**Activity:**
The lines below, from the one holding "Figure 1: The" through the final line, are to be copied exactly, with no other lines and no pictures.

**Given data:**
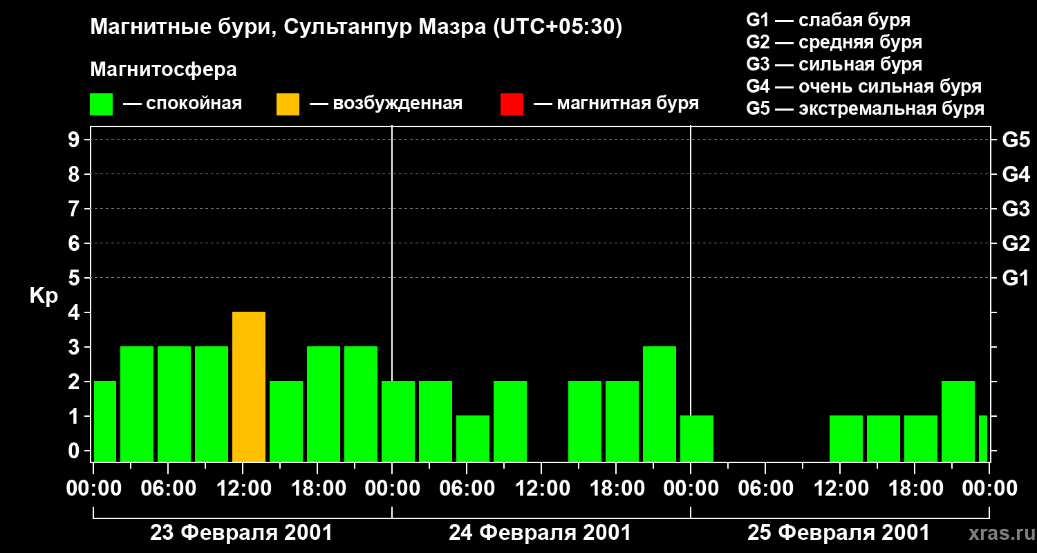 Магнитные бури в Сультанпур Мазре 25 февраля 2001 года
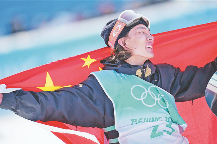 2月15日,中國選手蘇翊鳴在奪冠后慶祝。 當日,北京2022年冬奧會單板滑雪男子大跳臺決賽在北京首鋼滑雪大跳臺舉行。中國選手蘇翊鳴奪得金牌。
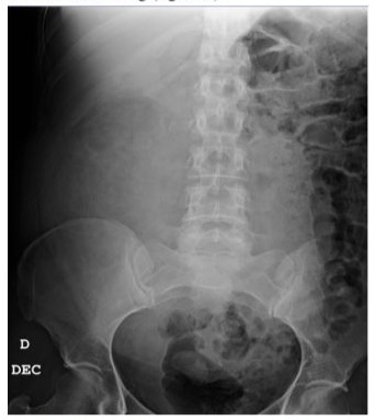 Figure 1: The abdominal x-ray reveals the displacement of the bowel loops into the left hemiabdomen.
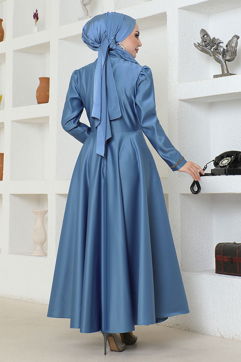 Taşlı Saten Şık Elbise YGS6357-M İndigo

**Written answer:**
 Figure 1: The abdominal x-ray reveals the displacement of the bowel loops into the left hemiabdomen.
 Taşlı Saten Şık Elbise YGS6357-M İndigo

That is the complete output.